4. De rechtbank is voorts van oordeel dat het verweerder, gelet op artikel 6:18 van de Awb, vrijstond om bij besluit van 12 augustus 2009 tot intrekking van het besluit van 15 april 2009 over te gaan. Anders dan het besluit van 15 april 2009, bevat het besluit van 12 augustus 2009 namelijk een motivering van de afwijzing van het verzoek om schadevergoeding.

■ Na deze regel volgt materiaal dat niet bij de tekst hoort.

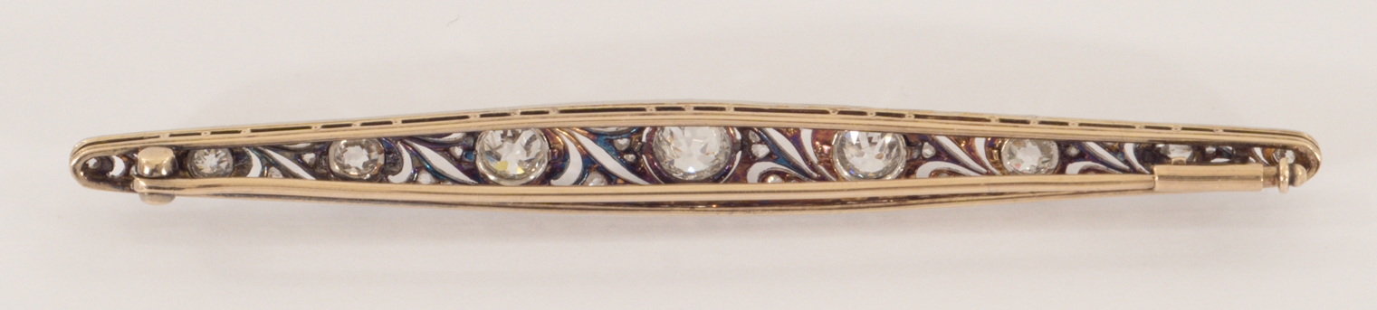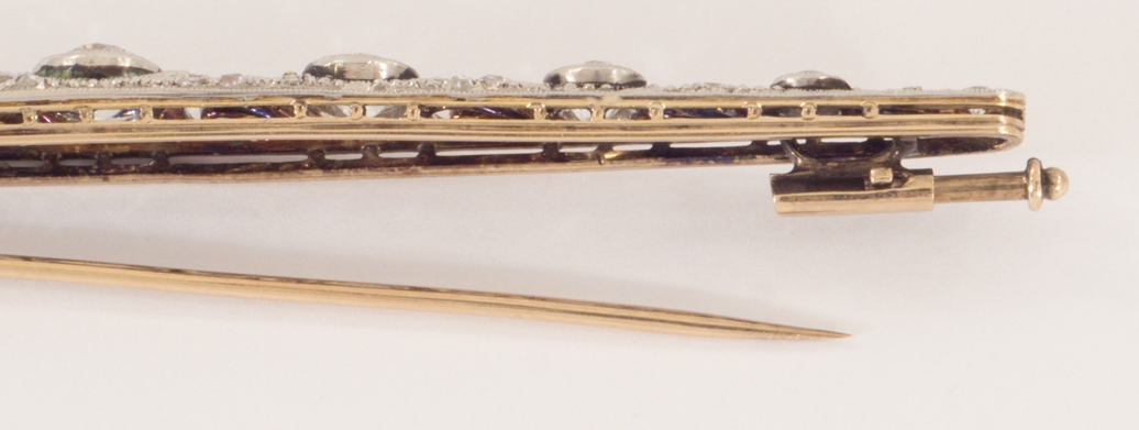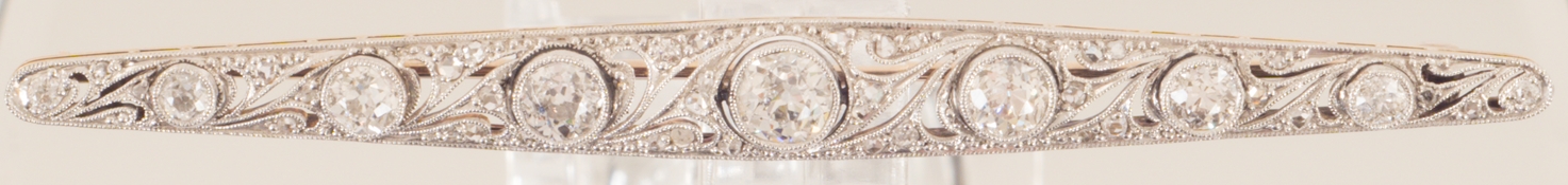 Eine Art Deco Stabnadel - Platin auf 18 Karat Gelbgold mit acht Altschliff- und Rosendiamanten von zus. ca. 1,6 ct.
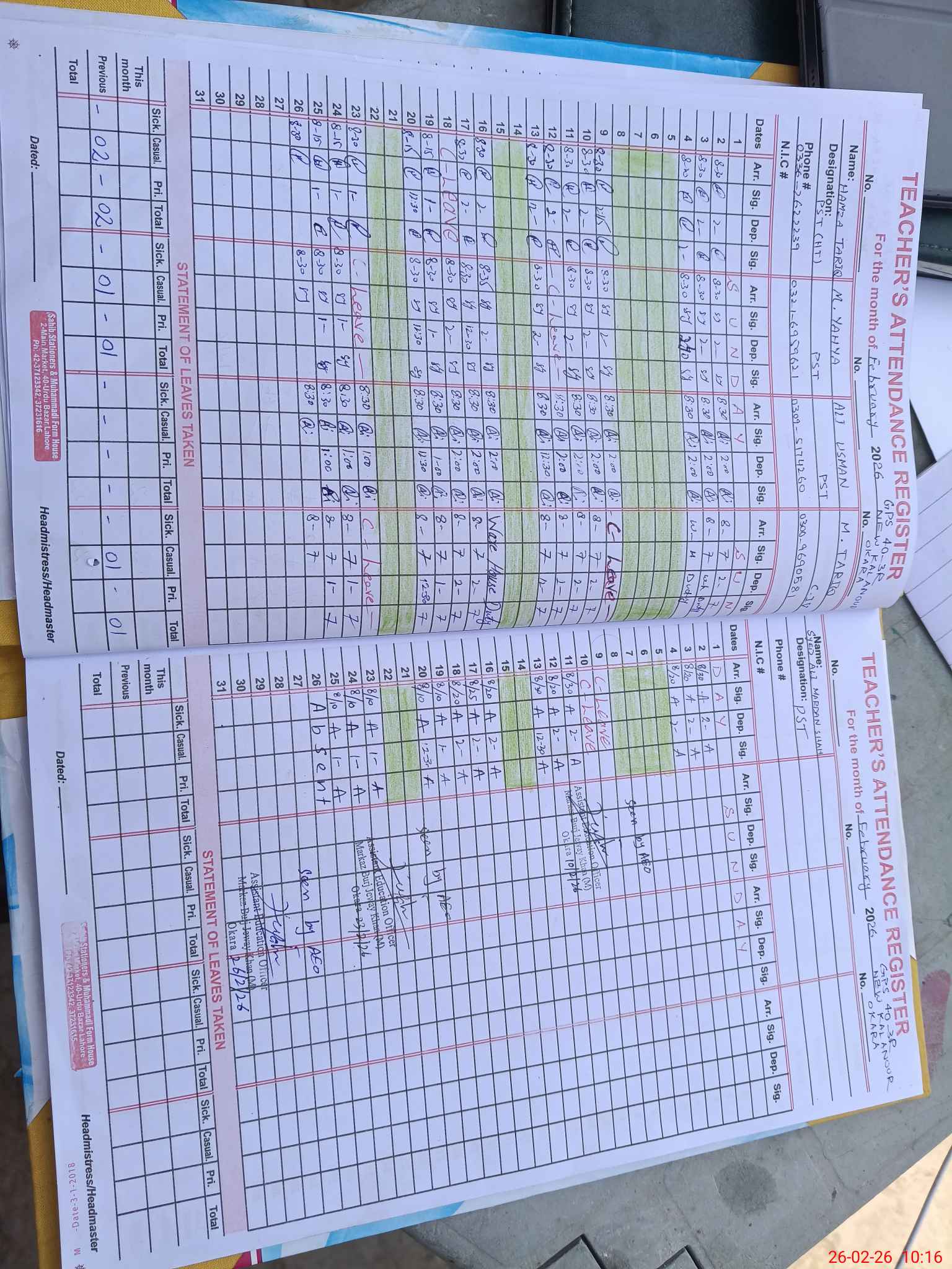 | CNIC | Full Name | Designation | R/C | Absence During Last Calender Month |

Aangezien het besluit van 12 augustus 2009 een besluit is in de zin van artikel 6:18 van de Awb en dit besluit niet tegemoetkomt aan het bezwaar van 17 april 2009, had dit bezwaar, gelet op het bepaalde in artikel 6:19, eerste lid, van de Awb moeten worden geacht mede gericht te zijn tegen het besluit van 12 augustus 2009. Verweerder diende dit bezwaar, voor zover dit bezwaar nog gericht was tegen het besluit van 15 april 2009, vervolgens in de nog te nemen beslissing op bezwaar niet-ontvankelijk te verklaren vanwege het ontbreken van belang. De omstandigheid dat verweerder artikel 6:19 van de Awb niet heeft toegepast en het bezwaar van 17 april 2009 direct niet-ontvankelijk heeft verklaard, waarmee hij op dat onderdeel al een besluit op bezwaar heeft genomen, leidt evenwel niet tot gegrondverklaring van het beroep. Daartoe wordt het volgende overwogen.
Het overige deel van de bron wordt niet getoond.